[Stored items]
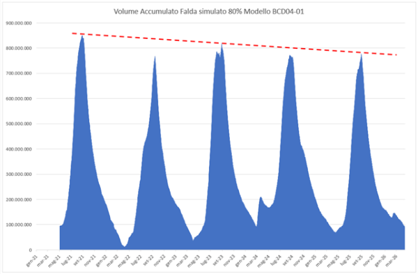 Andamento volumi accumulati in falda freatica – dato indicativo.
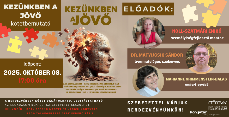 A Kezünkben a jövő című kötet bemutatója keretében az érdeklődők találkozhatnak a kötet szerzőivel. Vendégeink: Noll-Szatmári Enikő (személyiségfejlesztő, mentor), Marianne Grimmenstein-Balas (emberi jogvédő), Dr. Matyijcsik Sándor (reumatológus szakorvos). A rendezvényen kötet vásárolható, dedikáltatható.
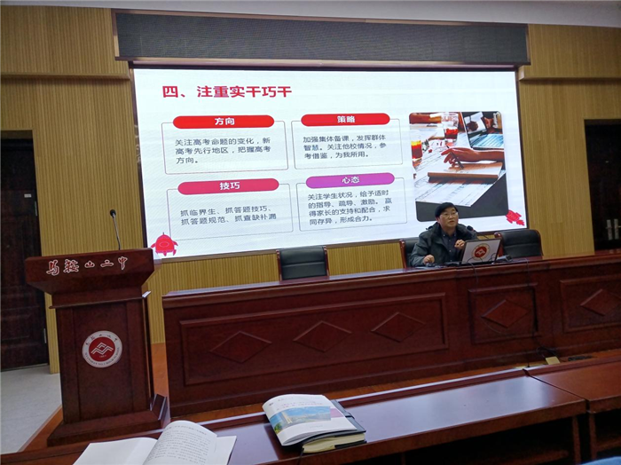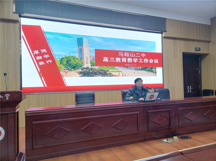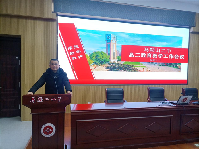 為實現衝刺階段提質增效,馬(mǎ)鞍山二中(zhōng)高三(sān)年級教育教學工作會議於2023年2月17日下午在二樓報告廳順利召開。教導處主任葉張平與(yǔ)會指導,高三年級全體教師參(cān)會。會議由高三年(nián)級部主任孫誌農(nóng)主持。
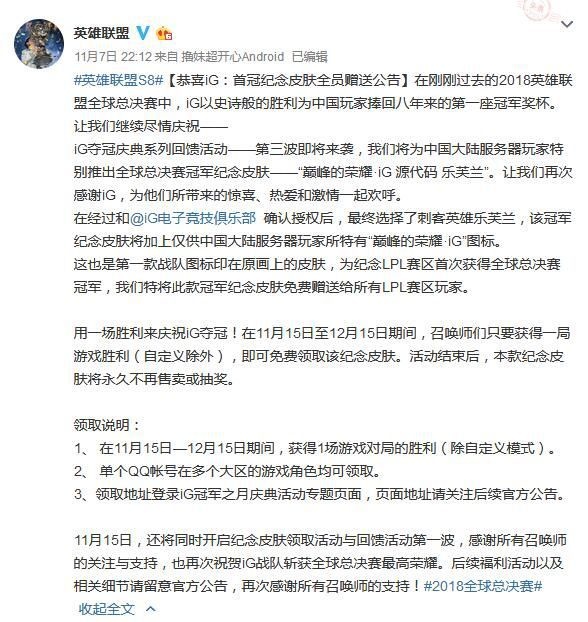 虽然今年iG战队代表LPL在S8全球总决赛中拿下了首个S赛冠军,不过在夺冠后官方的表现却有些冷然,与此前RNG在MSI上夺冠后的反应差距较大,因此也引起了不少iG粉丝和玩家们的不满。 在经历了此前被多番吐槽之后,昨晚《英雄联盟》官博发布了LPL首冠纪念皮肤全员赠送的公告: 根据公告表示,在冠军庆祝活动的第三波中,官方将会所有中国大陆服务器的玩家推出全球总决赛冠军纪念皮肤。在经过与iG战队协商并确认授权后,最终决定将诡术妖姬乐芙兰的新皮肤“源代码-乐芙兰”作为首冠专属纪念皮肤,并且会在这款纪念皮肤上加上中国大陆服务器所特有的“巅峰的荣耀·iG”图标。 据悉,这款皮肤将会是LOL首款将战队图标印在原画上的皮肤,谨以此纪念LPL赛区的首个S赛冠军! 想要获得这款皮肤的方式也很简单:只需要在11月15日到12月15日期间,在游戏中获得一场除自定义模式之外的胜利即可在后期公布的iG冠军之月庆典活动页面领取,即使是同一个QQ账号下的多个不同大区角色都可以领取。 值得一提的是,这款珍贵的皮肤只能在为期一个月的活动时间内通过胜利来获取,在活动结束后这款皮肤将不会再以售卖、抽奖等形式重新推出,或许将成为一款真正意义上的绝版。虽然说看上去只不过是在英雄皮肤上增加了一个战队LOGO,但这的确是首款将LOGO印在英雄皮肤上的举措,对于iG这个来之不易的冠军,这个皮肤也有显得意义非凡。 不过在官博下方,玩家们似乎对这样的补救措施依然不满意: 各位小伙伴认为官方这次的补救是否够诚意?如果不够,大家认为需要作出怎样的回馈才能令人满意?欢迎说出你的看法! |
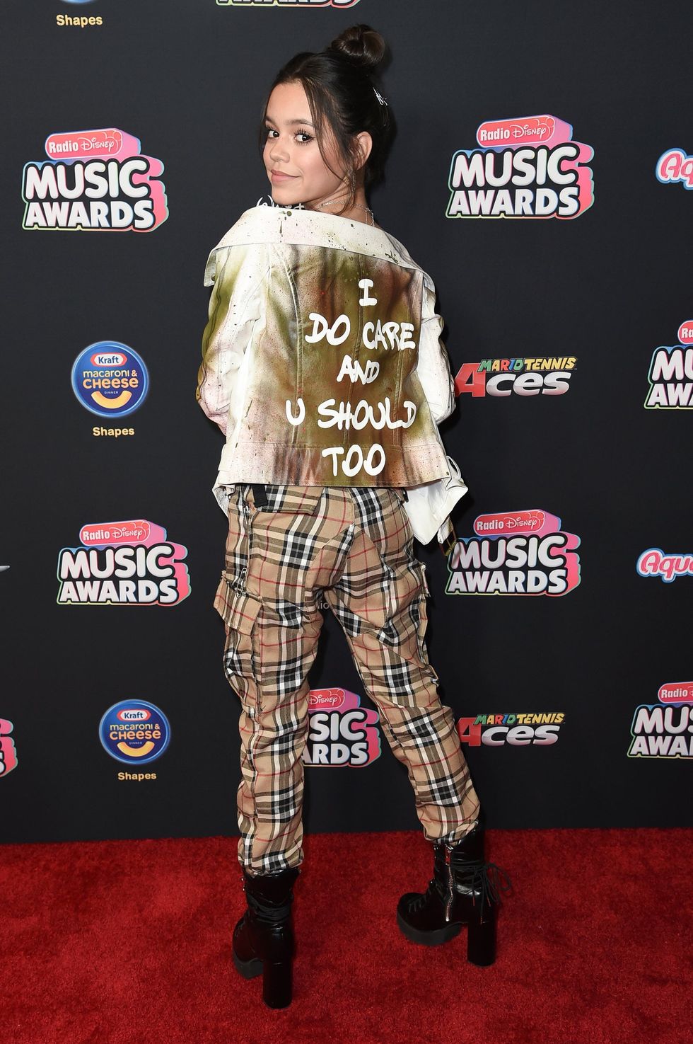 Disney actress Jenna Ortega created and wore a jacket with the words ‘I do care and you should too’ written on the back. The 15-year-old wore the article of clothing on the red carpet at the Radio Disney Music Awards on Friday.
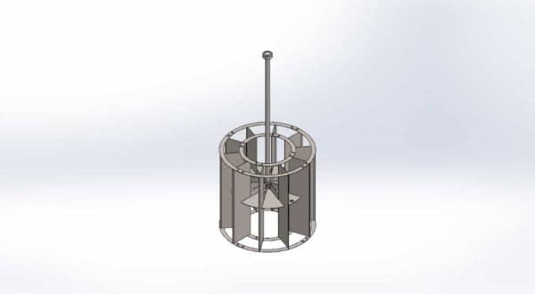 two flat blades at an angle of 45 degrees. The length of the shaft depends on the depth of the tank
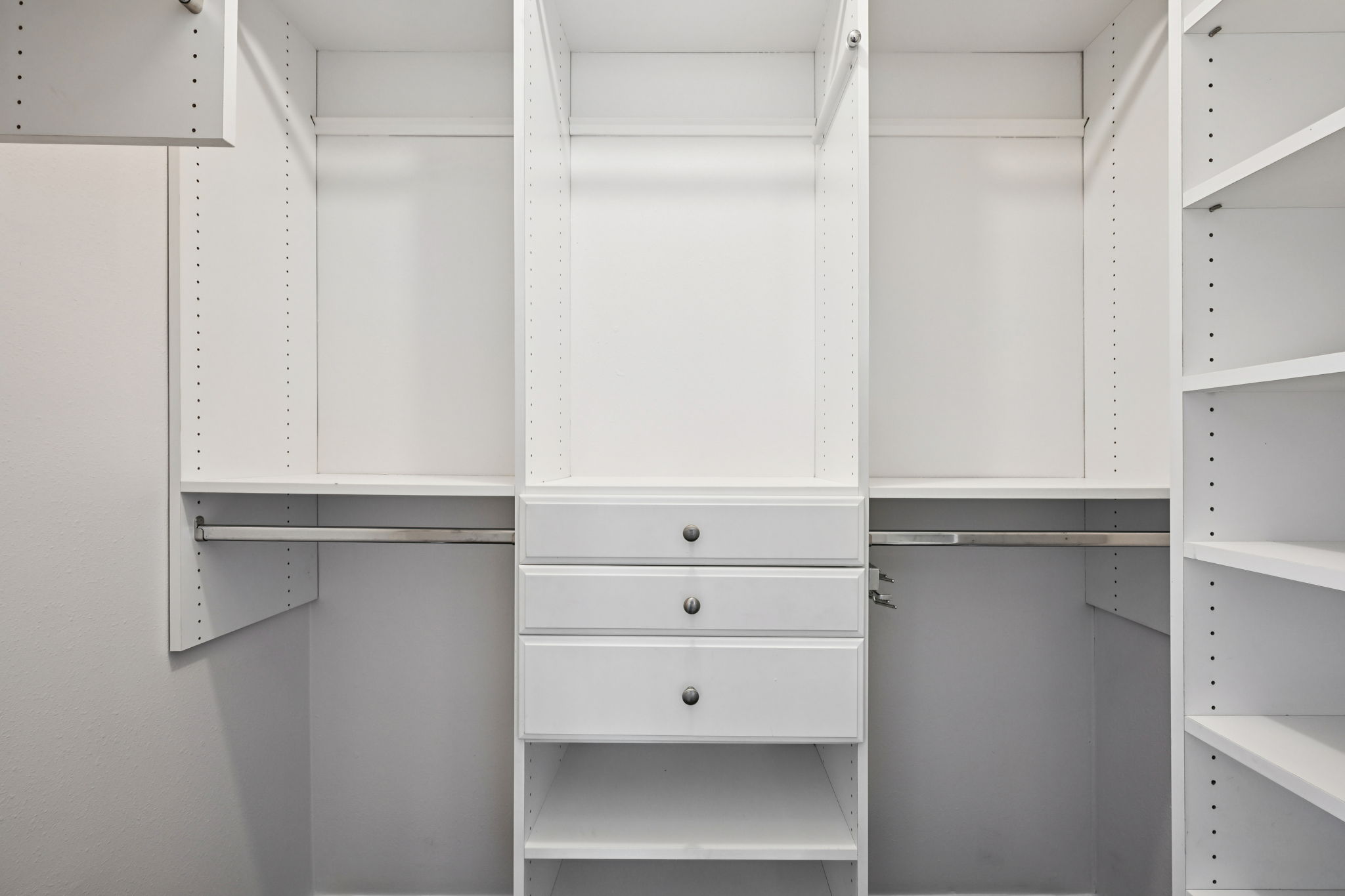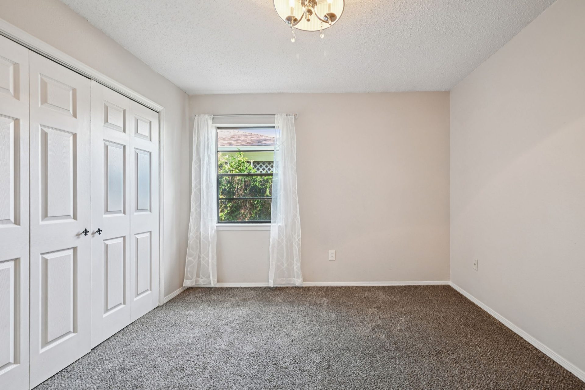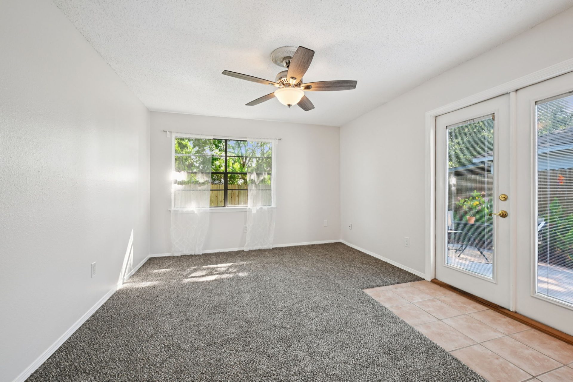 All three bedrooms are generously sized, with soft, refreshed carpet underfoot. The primary suite offers a large custom closet, ensuite bath with dual sinks and marble countertops, and French doors leading to the patio. The hall bath features a freshly refinished tub, a pedestal sink, and plenty of room to move around.

Aim of the exercise: Please restate the entries word for word, with all pictures left out.

Result of this exercise:
 Andamento volumi accumulati in falda freatica – dato indicativo.
 A Kezünkben a jövő című kötet bemutatója keretében az érdeklődők találkozhatnak a kötet szerzőivel. Vendégeink: Noll-Szatmári Enikő (személyiségfejlesztő, mentor), Marianne Grimmenstein-Balas (emberi jogvédő), Dr. Matyijcsik Sándor (reumatológus szakorvos). A rendezvényen kötet vásárolható, dedikáltatható.
 為實現衝刺階段提質增效,馬(mǎ)鞍山二中(zhōng)高三(sān)年級教育教學工作會議於2023年2月17日下午在二樓報告廳順利召開。教導處主任葉張平與(yǔ)會指導,高三年級全體教師參(cān)會。會議由高三年(nián)級部主任孫誌農(nóng)主持。
 虽然今年iG战队代表LPL在S8全球总决赛中拿下了首个S赛冠军,不过在夺冠后官方的表现却有些冷然,与此前RNG在MSI上夺冠后的反应差距较大,因此也引起了不少iG粉丝和玩家们的不满。 在经历了此前被多番吐槽之后,昨晚《英雄联盟》官博发布了LPL首冠纪念皮肤全员赠送的公告: 根据公告表示,在冠军庆祝活动的第三波中,官方将会所有中国大陆服务器的玩家推出全球总决赛冠军纪念皮肤。在经过与iG战队协商并确认授权后,最终决定将诡术妖姬乐芙兰的新皮肤“源代码-乐芙兰”作为首冠专属纪念皮肤,并且会在这款纪念皮肤上加上中国大陆服务器所特有的“巅峰的荣耀·iG”图标。 据悉,这款皮肤将会是LOL首款将战队图标印在原画上的皮肤,谨以此纪念LPL赛区的首个S赛冠军! 想要获得这款皮肤的方式也很简单:只需要在11月15日到12月15日期间,在游戏中获得一场除自定义模式之外的胜利即可在后期公布的iG冠军之月庆典活动页面领取,即使是同一个QQ账号下的多个不同大区角色都可以领取。 值得一提的是,这款珍贵的皮肤只能在为期一个月的活动时间内通过胜利来获取,在活动结束后这款皮肤将不会再以售卖、抽奖等形式重新推出,或许将成为一款真正意义上的绝版。虽然说看上去只不过是在英雄皮肤上增加了一个战队LOGO,但这的确是首款将LOGO印在英雄皮肤上的举措,对于iG这个来之不易的冠军,这个皮肤也有显得意义非凡。 不过在官博下方,玩家们似乎对这样的补救措施依然不满意: 各位小伙伴认为官方这次的补救是否够诚意?如果不够,大家认为需要作出怎样的回馈才能令人满意?欢迎说出你的看法! |
 Disney actress Jenna Ortega created and wore a jacket with the words ‘I do care and you should too’ written on the back. The 15-year-old wore the article of clothing on the red carpet at the Radio Disney Music Awards on Friday.
 two flat blades at an angle of 45 degrees. The length of the shaft depends on the depth of the tank
 All three bedrooms are generously sized, with soft, refreshed carpet underfoot. The primary suite offers a large custom closet, ensuite bath with dual sinks and marble countertops, and French doors leading to the patio. The hall bath features a freshly refinished tub, a pedestal sink, and plenty of room to move around.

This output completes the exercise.